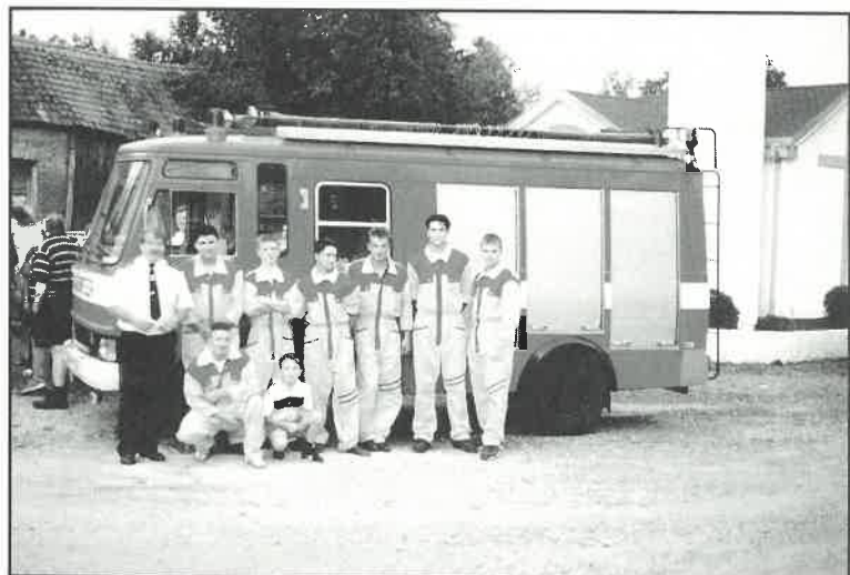
Novopristiglo vozilo DVD Hrebinec bilo je dio izložbe vatrogasnog voznog parka i opreme za potrebe učinkovitih intervencija
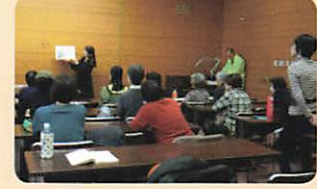
基本を説明されている講師

18名の受講者に、1回目は、講師から「書いてある通り物語を読み取り、子供たちが頭の中に描けるようにする」という読み聞かせの基本の説明と、2冊の朗読見本がありました。2回目と3回目は、受講者が事前に渡された本を順次、読み聞かせをし、各自的確かな指導がなされました。指導に皆さん納得された様子でした。
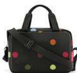
ZK 7009 dots
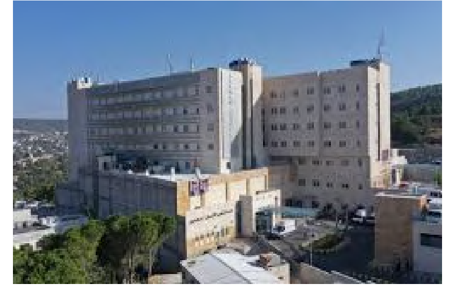
Project Name : AL-EMAN HOSPITAL
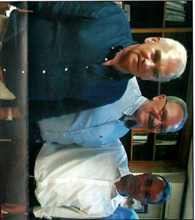
Από αριστερά ο Πρόεδρος της Π.Ο.Α.Υ.Σ. κ. Σοφοκλής Φάτσιος, ο Πρόεδρος της Π.Ο.Α.Σ. κ. Καλλέριος Βουλγαράκης και ο Υπουργός Οικονομικών κ. Χρήστος Σταϊκούρας
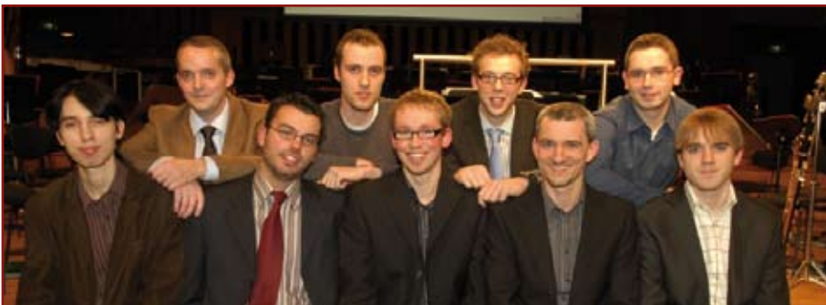
Alle genomineerden 2008.

'Character rigging' of 'articulatie' is het proces waarbij een personage in een 3D-animatiefilm wordt voorgesteld door een model dat kan worden geanimeerd en waarbij een intuïtief controlemechanisme voor de animator wordt voorzien. In plaats van alle beweegbare onderdelen van het personage individueel te manipuleren wordt een structuur aan het model toegevoegd waardoor de animator controle heeft over het verplaatsen van handen, het buigen van spieren, of zelfs het beheersen van emoties van het personage.
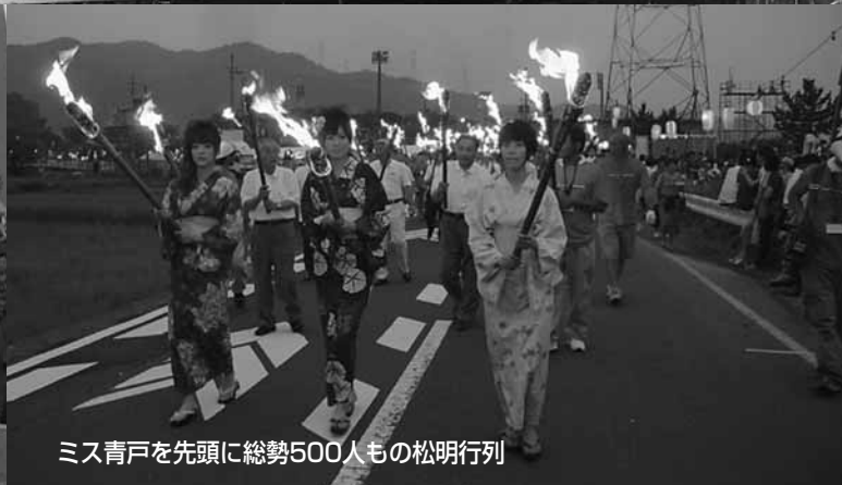
ミス青戸を先頭に総勢500人の松明行列
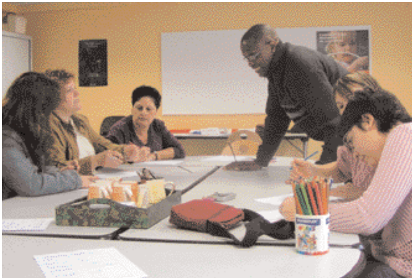
Une réunion d'information avec la Caf sur les droits et devoirs des locataires.
========
__Work instruction__: An exact copy of the entries above, with no pictures, is the required answer.

__Completed task__:
Novopristiglo vozilo DVD Hrebinec bilo je dio izložbe vatrogasnog voznog parka i opreme za potrebe učinkovitih intervencija
基本を説明されている講師

18名の受講者に、1回目は、講師から「書いてある通り物語を読み取り、子供たちが頭の中に描けるようにする」という読み聞かせの基本の説明と、2冊の朗読見本がありました。2回目と3回目は、受講者が事前に渡された本を順次、読み聞かせをし、各自的確かな指導がなされました。指導に皆さん納得された様子でした。
ZK 7009 dots
Project Name : AL-EMAN HOSPITAL
Από αριστερά ο Πρόεδρος της Π.Ο.Α.Υ.Σ. κ. Σοφοκλής Φάτσιος, ο Πρόεδρος της Π.Ο.Α.Σ. κ. Καλλέριος Βουλγαράκης και ο Υπουργός Οικονομικών κ. Χρήστος Σταϊκούρας
Alle genomineerden 2008.

'Character rigging' of 'articulatie' is het proces waarbij een personage in een 3D-animatiefilm wordt voorgesteld door een model dat kan worden geanimeerd en waarbij een intuïtief controlemechanisme voor de animator wordt voorzien. In plaats van alle beweegbare onderdelen van het personage individueel te manipuleren wordt een structuur aan het model toegevoegd waardoor de animator controle heeft over het verplaatsen van handen, het buigen van spieren, of zelfs het beheersen van emoties van het personage.
ミス青戸を先頭に総勢500人の松明行列
Une réunion d'information avec la Caf sur les droits et devoirs des locataires.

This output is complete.